= Maudlyn Akosua Awuku =

Ghanaian women's rights advocate

Maudlyn Akosua Awuku is a Ghanaian women's rights advocate. She is the founder and CEO of GEWE Network, and Anijie Global Foundation. In 2022 she was a delegate of the UN Women UK delegation to the Commission on the Status of Women (CSW) for the sixty-sixth session in New York.

== Education ==
Awuku holds a degree in Sociology and Political Studies from the Kwame Nkrumah University of Science and Technology. She also holds an Executive MBA in Leadership and Management from the Accra Business School, an Msc. in Project Management from the University of Salford, Manchester, and a Diploma in French Language Studies.

== Career ==
Awuku's work has focused on assisting black and underprivileged populations to achieve gender equality in the United Kingdom. Her work as the founder of the GEWE Network is focused on promoting gender equality and inspiring women to assume positions of political and civic leadership.
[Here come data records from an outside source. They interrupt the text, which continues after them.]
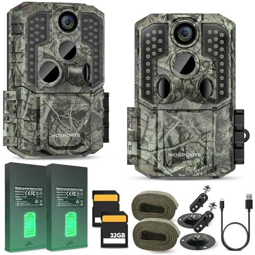 【Rechargeable Lithium Battery & SD Cards Included】Each rechargeable trail camera runs on a 2200mAh lithium battery, reducing frequent battery replacements and ongoing costs. Package includes 2 rechargeable batteries, USB Type-C cable, and 2 SD cards for ready-to-use setup.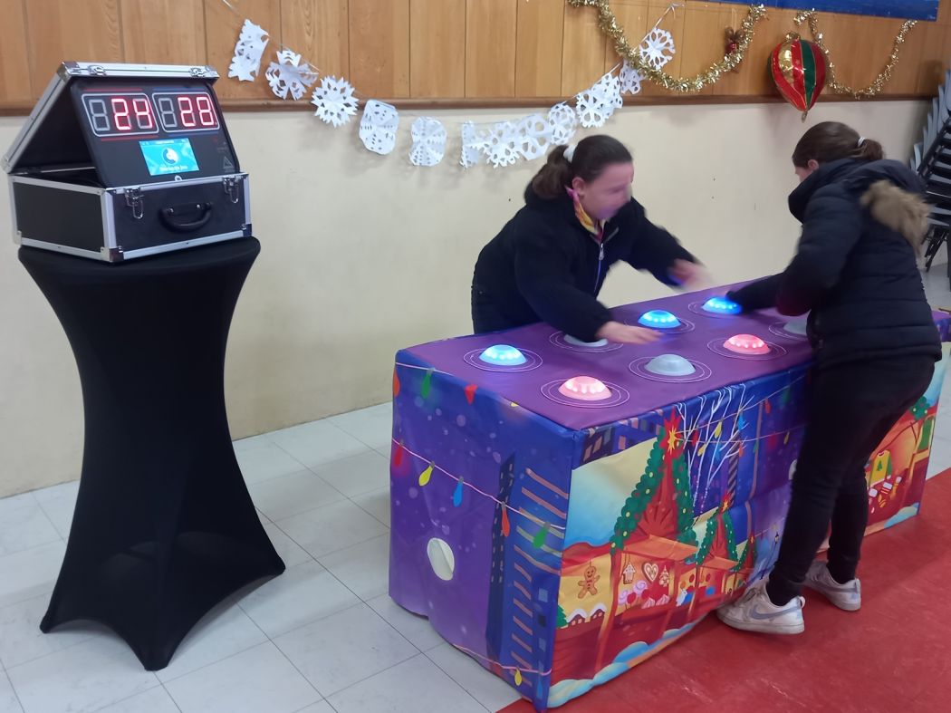 Une des animations incontournable pour Noël: la table interactive où les reflexes et la rapidité des plus grands comme des plus petits seront mis à l'épreuve. La table est décorée sur le thème de Noël.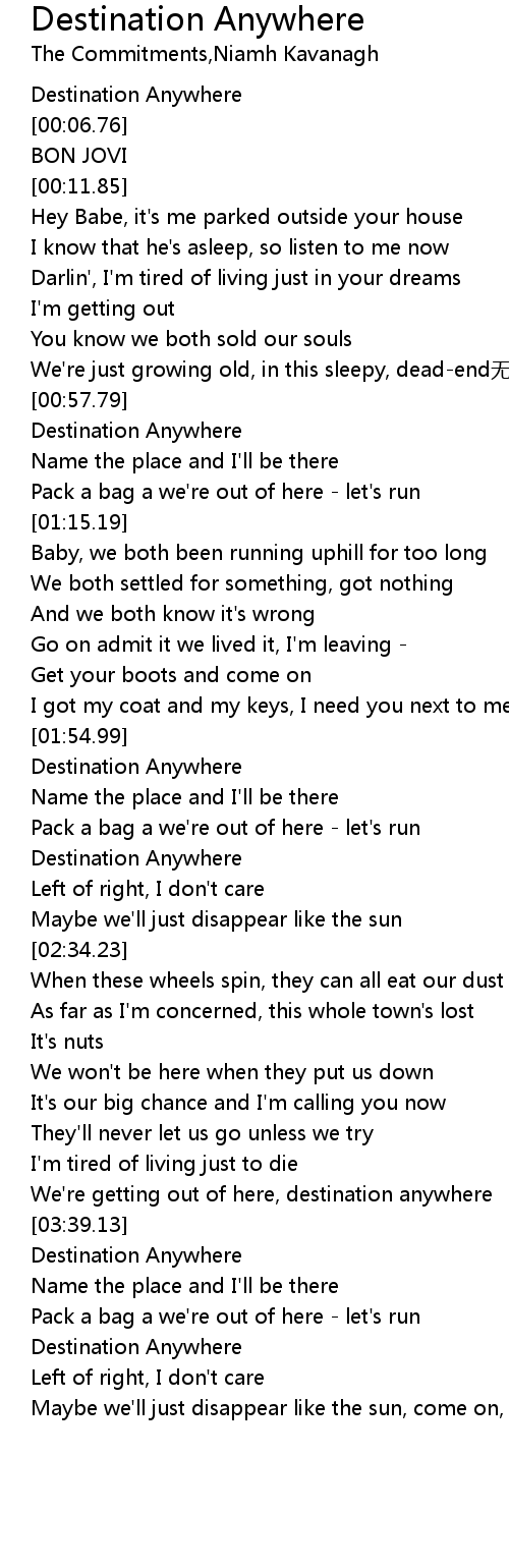 | [03:36.83] | We're getting out of here, destination anywhere |

As the founder of Anijie Global Foundation in Ghana, her organization has been dedicated to implementing projects that contribute to attaining the Sustainable Development Goals.

== Awards ==

- Young Achievers Award at the UK House of Commons
- Nominated for the 2023 Forty under 40 UK Awards under Community Development.
- Salford University Alumni Achievement Awards 2023.